Pip is cast down. The convict Magwitch has been apprehended and was convicted at the trial for entering England under pain of death. His benefactor gone, he ponders what to do with his life.
On his way home, he meets Mr. Wemmick, Mr. Jaggers's clerk, at his door. The two discuss Magwitch's demise, and Mr. Wemmick laments all of Magwitch's, and in due time Pip's, property, which got seized by the Crown. On a change of whim, Mr. Wemmick announces he is taking a one-day holiday for the first time in twelve years and asks Pip to take a walk with him on Monday morning.
At eight in the morning, Pip finds Mr. Wemmick dressed tighter than usual at his Walworth Castle. The unusual man strikes him as even more unusual when he walks out with a fishing rod over his shoulder. Pip asks if they plan to go fishing, but Mr. Wemmick just tells him he likes to walk with one.
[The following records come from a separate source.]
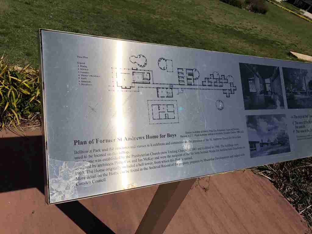 Belltower Park and the structures and statues in it celebrate and commemorate the presence of the St Andrews Home for Boys that used to be located on this hilltop.
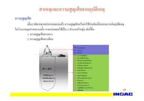 21 เมืDอเราพิจารณาอย่างรอบคอบแล้ว ความสูญเสียหรือค่าใช้จ่ายอันเนืDองจากการเกิดอุบัติเหตุ สาเหตุและความสูญเสียจากอุบัติเหตุ ในโรงงานอุตสาหกรรมนัXน อาจแบ่งออกได้เป็น 2 ประเภทใหญ่ๆ ดังนีXคือ 1. ความสูญเสียทางตรง 2. ความสูญเสียทางอ้อม ความสูญเสีย
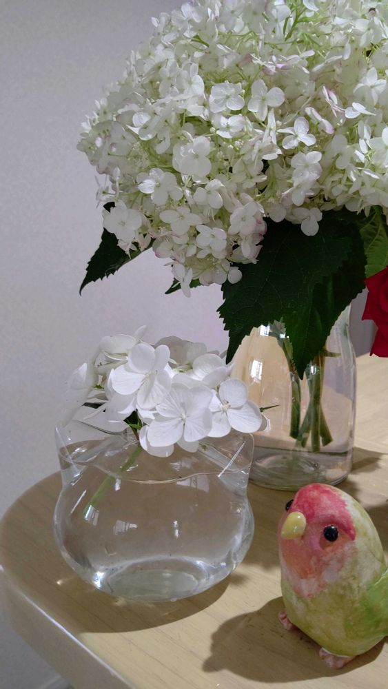 折れてしまって残念ですが、真っ白なアナベル活けても素敵です💓
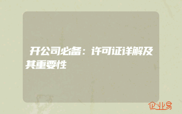 - 公司必备:许可证详解及其重要性一、许可证的种类与功能在现代商业环境中,企业为了合法运营,必须获取一系列的许可证。这些许可证根据其业务类型和所在地区的不同,种类各异。常见的许可证包括营业执照、税务登记证、行业特定经营许可证等。这些许可证的主要

They end up walking to Camberwell Green, where Mr. Wemmick stops at a church and promptly decides to enter it with Pip.
Inside the church, Mr. Wemmick puts down his fishing rod and takes out a pair of white kid gloves, which he puts on promptly. Mr. Wemmick's father appears with Miss Skiffins at the entrance of the church, and Pip realizes he's been roped into Mr. Wemmick's and Miss Skiffins's wedding.
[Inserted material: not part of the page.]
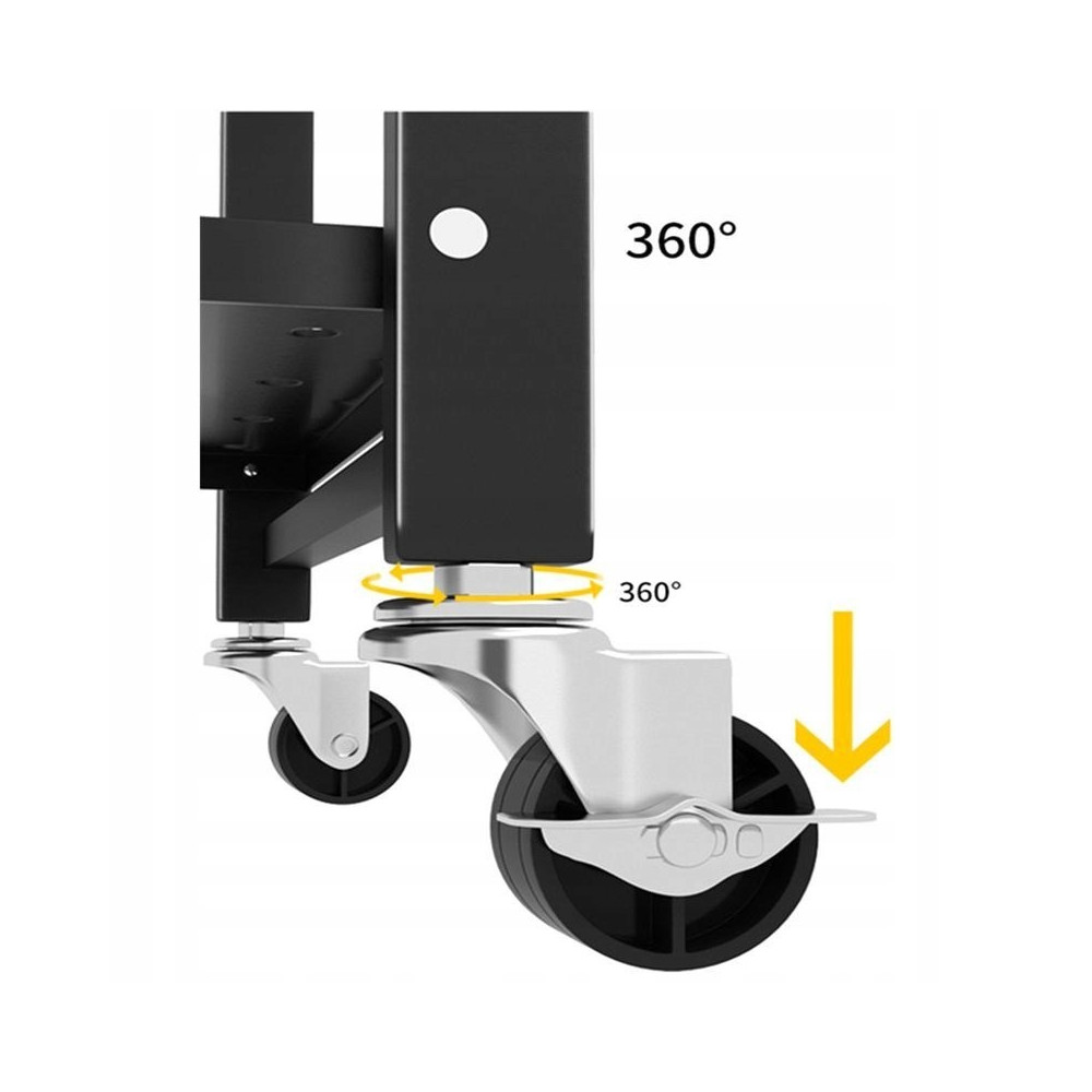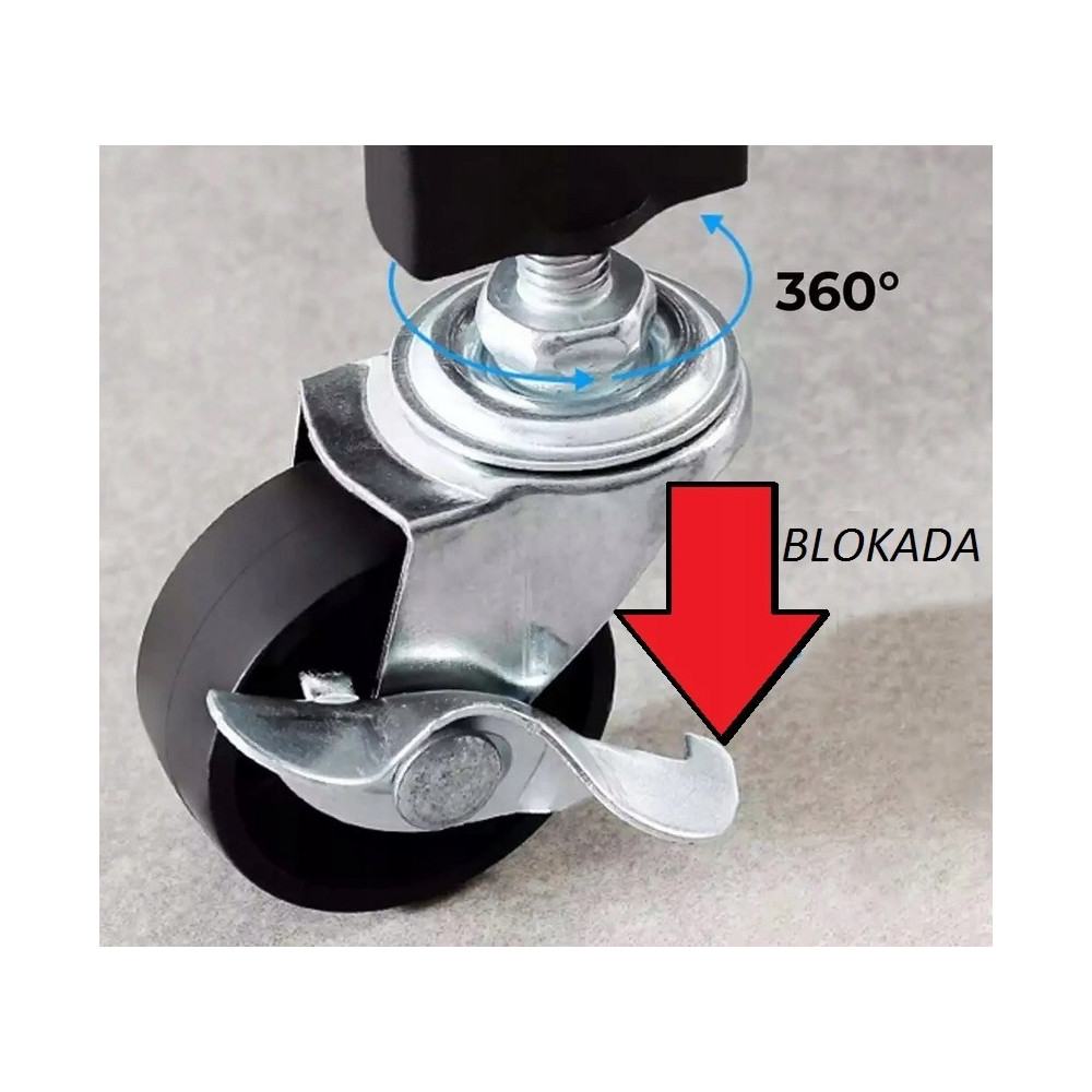Regał posiada 4 kółka obracające się o 360 stopni, a dodatkowo 2 z nich posiadają specjalną blokadę, która uniemożliwia samowolne przesunięcie regału.
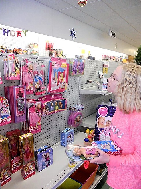 Each one of the 25 fourth-grade students received $37 to spend. The Women in Timber gave some gift ideas but the students mostly picked out what to buy. Gifts ranged from stuffed toys, to fishing poles, games, dolls, sparkly pillows, and snow caps.

The drawing captures the moment in which Mr. Wemmick helps his father into his gloves by an unusual method:
"The old gentleman, however, experienced so much difficulty in getting his gloves on, that Wemmick found it necessary to put him with his back against a pillar, and then to get behind the pillar himself and pull away at them, while I for my part held the old gentleman round the waist, that he might present and equal and safe resistance. By dint of this ingenious Scheme, his gloves were got on to perfection."
A clerk and clergyman wed the couple, and Pip acts as a backer. In the end, Mr. Wemmick quips nobody would have guessed on their walk to the church he had gone to get married, shouldering his fishing rod!
I looked up which church could have been the place for the wedding, and Anglican St. Giles' Church, Camberwell, seemed to be right on the money.